Правильно не думаешь. Какой, к черту, «Эдипов комплекс»! Всё куда сложнее. И куда хуже. Для тебя хуже, Агата. Потому что слабостей у Кертиса хватает, но это мелкие слабости. Такие, знаешь… житейские. На них не сыграешь. Да и меньше их становится с каждым годом, возраст – штука такая.
По-крупному же наш общий знакомый неприступен, как отвесный утёс. У него нет жены, нет признанных детей. Результат делания денег уже давно занимает его куда меньше процесса. Смерти он не боится, у него вообще со страхом отношения не сложились. Думаю, с младенчества. Его нельзя задеть практически ни с какой стороны.

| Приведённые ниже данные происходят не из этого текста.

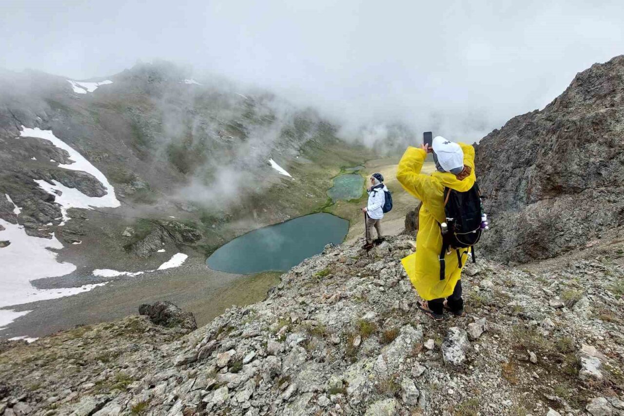 Yaklaşık 3 bin metre yükseklikten Acembol Gölleri’nin büyüleyici manzarasını sis perdesi altından izleyen sporcular, soğuk havaya rağmen doğanın sunduğu eşsiz güzelliklerin tadını çıkardı.
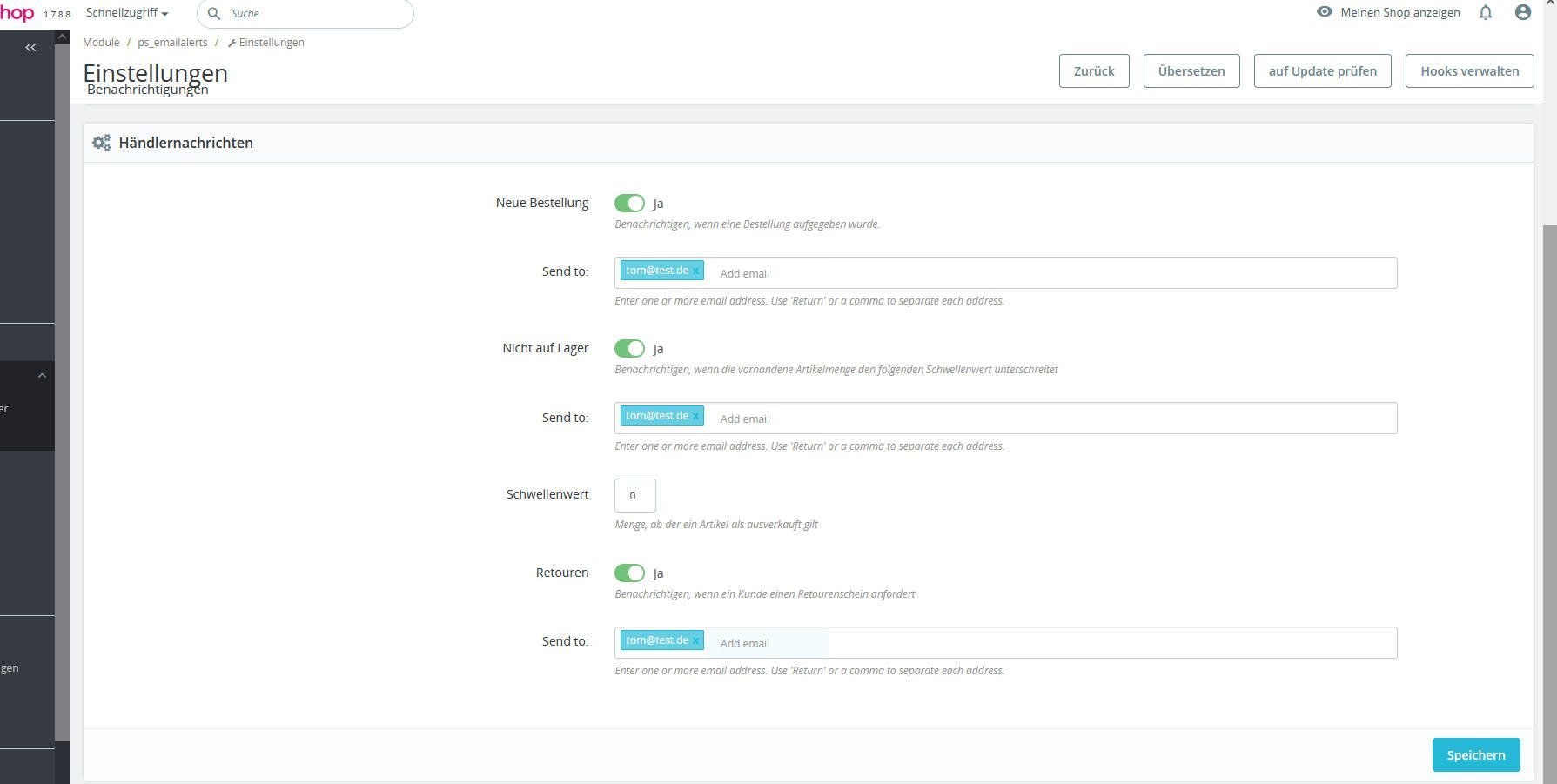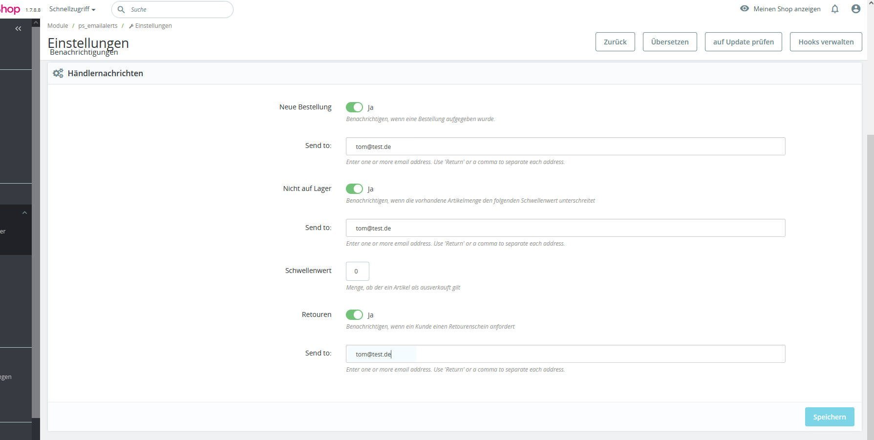 Gummiwutzel Posted April 13, 2023 Share Posted April 13, 2023 Ich litt schon seit mehreren Wochen unter diesem Problem und wusste mir inzwischen echt keinen Rat mehr. Die hier gegebenen Tipps hatten bei mir leider keinen Erfolg (das Verzeichnis "/modules/mailalerts/mail" heißt bei mir (PS 1.7.8.8) übrigens "/modules/ps_emailalerts/mail"...). Und dabei habe ich zwei nahezu identische Shops auf meinem Server, wo die Bestellbestätigungen von dem einen Shop kamen, vom anderen aber nicht. Eigentlich hervorragende Bedingungen, um einen Fehler zu finden. Aber ich konnte machen was ich wollte, ich fand den Unterschied zwischen beiden Shops einfach nicht. Nach rund 6 Stunden Vollzeitsuche und Dateivergleichen war die Ursache des Problems dann so extrem popelig, dass ich es kaum glauben konnte: Ursache war in der Tat das Modul "Benachrichtigungen", welches im Verzeichnis unter "ps_emailalerts" haust. Zur normalen Konfiguration geht man im Backend auf "Module", sucht dort das Modul "Benachrichtigungen" und geht dort auf "Einstellungen". Es öffnete sich bei mir das folgende Fenster (heruntergescrollt): Es fällt auf, dass hier gar keine eMail-Adressen eingetragen sind. Also eintragen: Kein Problem: eMail-Adressen eintragen und unten auf "Speichern" klicken. Nur blöd, dass dann dieses hier erscheint: Was soll das?? Man trägt die eMail-Adressen ein, klickt auf "Speichern" und bekommt dann diese Fehlermeldung. Ich bin ja schon ein paar Tage dabei, so dass ich es wohl noch schaffen werde, drei eMail-Adressen einzutragen. Oder bin ich dafür schon zu blöd? Sechs Stunden später hatte ich das Rätsel dann gelöst: Man muss nach Eingabe der eMail-Adresse jedesmal die Enter-Taste drücken, damit das Script die eMail-Adresse übernimmt und ERST DANN auf "Speichern" klicken. HALLELULJA!!! Dann sieht es so aus, und das Problem ist beseitigt. Oh - Mein - Gott! Grüße, Tom Link to comment Share on other sites More sharing options...
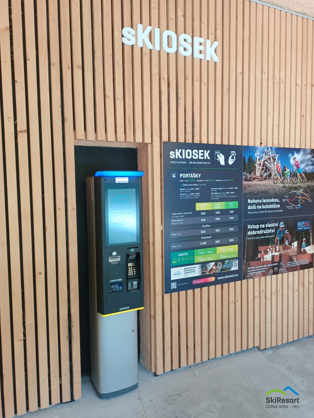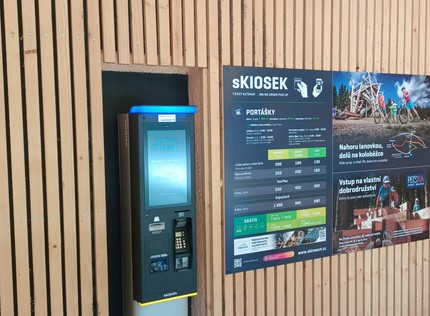 sKiosky function as vending machines and self-service cash registers in one. In winter, you can pick up a ski pass bought online here, or you can buy a ski pass directly here. The sKiosks are open 24/7. You can only pay by credit card at the sKiosek.

Единственной большой слабостью Бельмастого Тони была мать, однако её уже более полувека нет в живых. Её – нет. А вот…
– Я не дура, Анатоль, – медленно произнесла Агата, когда адвокат умолк, выжидающе глядя на неё. – Если кто-то из недоброжелателей Тони пронюхает, что есть женщина, которая в его глазах способна претендовать на имя Лукреция, эту женщину могут счесть возможным рычагом давления. И попробовать использовать в игре против него. Вплоть до отсылки адресату по частям.
Она помолчала, собираясь с мыслями.
– А если он сам вдруг вспомнит тот полуночный разговор, всё будет зависеть от того, что перевесит: сентиментальность (если она ему вообще свойственна) или расчёт. Человек без крупных слабостей вряд ли допустит, чтобы кто-то заподозрил его в наличии хоть одной. И вполне может решить заранее избавиться от намека на такую слабость. Конечно, следует учитывать договор со Спайдером, но…

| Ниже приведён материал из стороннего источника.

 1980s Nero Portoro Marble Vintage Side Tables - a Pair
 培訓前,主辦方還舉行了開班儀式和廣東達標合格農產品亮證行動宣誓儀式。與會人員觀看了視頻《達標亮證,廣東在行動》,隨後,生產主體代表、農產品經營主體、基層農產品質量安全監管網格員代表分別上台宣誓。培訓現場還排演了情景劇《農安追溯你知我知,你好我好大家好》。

Девушка невесело усмехнулась и скрестила руки на груди.
– Мотать нам надо отсюда. Всем. Тебе в том числе. Пита, пожалуй, не тронут и Неда, думаю, тоже – Тони не дурак и понимает, что с более или менее случайными знакомыми я откровенничать не стану. Кроме того, если я тебя правильно поняла, Капитану Неду Бельмастый Тони обязан довольно многим. Даже если долги давно уплачены и отношения строятся на взаимном уважении. А ты – мой адвокат, с тобой я могла говорить о чём угодно. И тебе он не должен ничего.

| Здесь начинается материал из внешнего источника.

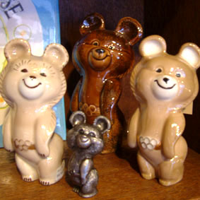 アクリルのバッジです。いろんなミーシャがいるのですが、オリンピックの競技に参加している絵が描かれているものもあってすごく私のツボです。だって決して長いとは言えない足で自転車をこいでいたりするんですもん。たまらなく可愛いです。
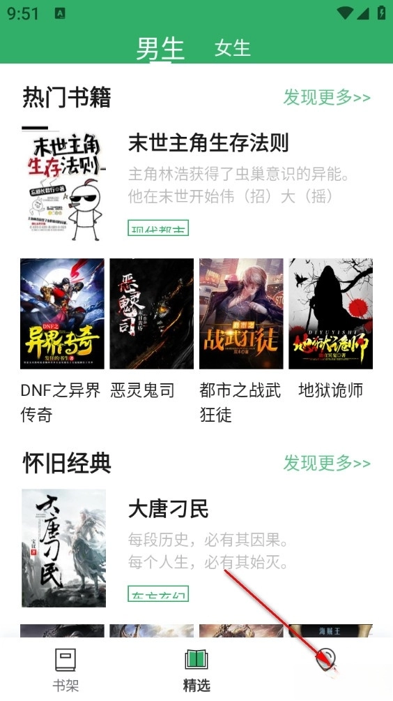 【快速定位目标书籍】提供男频、女频、完结、人气等分类标签,方便用户按题材筛选内容;
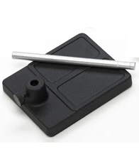 The Renzetti Pedestal Base for the Traveler Series and or the Tube Fly Vise is made out of cast zinc that is then powder coated black. It is approx. 4″ wide x 5″ long x 1/2″ thick and it weights almost 3 pounds. The Renzetti pedestal base comes with a 7″ black anodized aluminum stem and a non slip rubber protective pad to keep your vise in place as well as to protect your working surface.
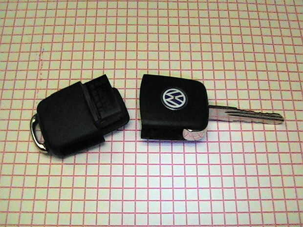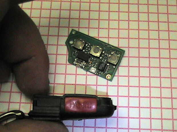 La clave de medio lado y abrir la parte de electrónica. Es complemento encajada entre sí. La forma más fácil de conseguirlo aparte es usando los dos dedos índice para abrir donde descansaría la punta de la llave cerrada.
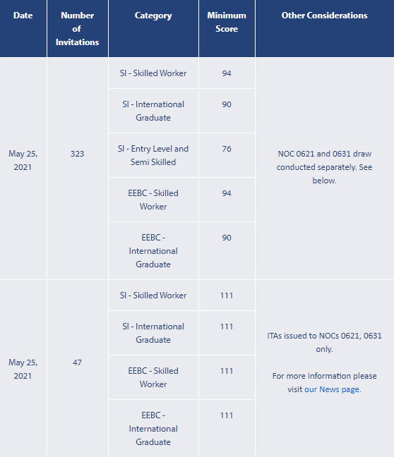美加金联从加拿大BC省移民部获悉:2021年5月25日BC省移民部公布技术移民筛选分数:技术工人类别(SI-Skilled Worker)筛选分数94分,国际留学生类别(SI-International Graduate)筛选分数90分,中低技术工人类别(SI-Entry Level and Semi-Skilled)筛选分数76分,快速通道技术工人类别(EEBC-Skilled Worker)筛选分数94分,快速通道国际留学生类别(EEBC-International Graduate)筛选分数90分,本轮筛选共计发出323份邀请。本轮邀请将NOC 0621和0631类别单独邀请,邀请分数均在111分,邀请人数为47人。

Она откинулась на спинку кресла и опустила веки. Длинные ресницы собрали под глазами густые тени, между бровей залегла глубокая складка, лицо словно осунулось. Для ужина в тесном (куда уж теснее!) кругу Агата выбрала морской пейзаж за окнами. Не тихую, освещенную солнцем бухту, а вгрызающийся в скалы шторм. И сама она сейчас была частью этого пейзажа: то ли штормом, то ли скалой.
– Хотел бы я сказать, что ты сгущаешь краски… – медленно произнес Трейси.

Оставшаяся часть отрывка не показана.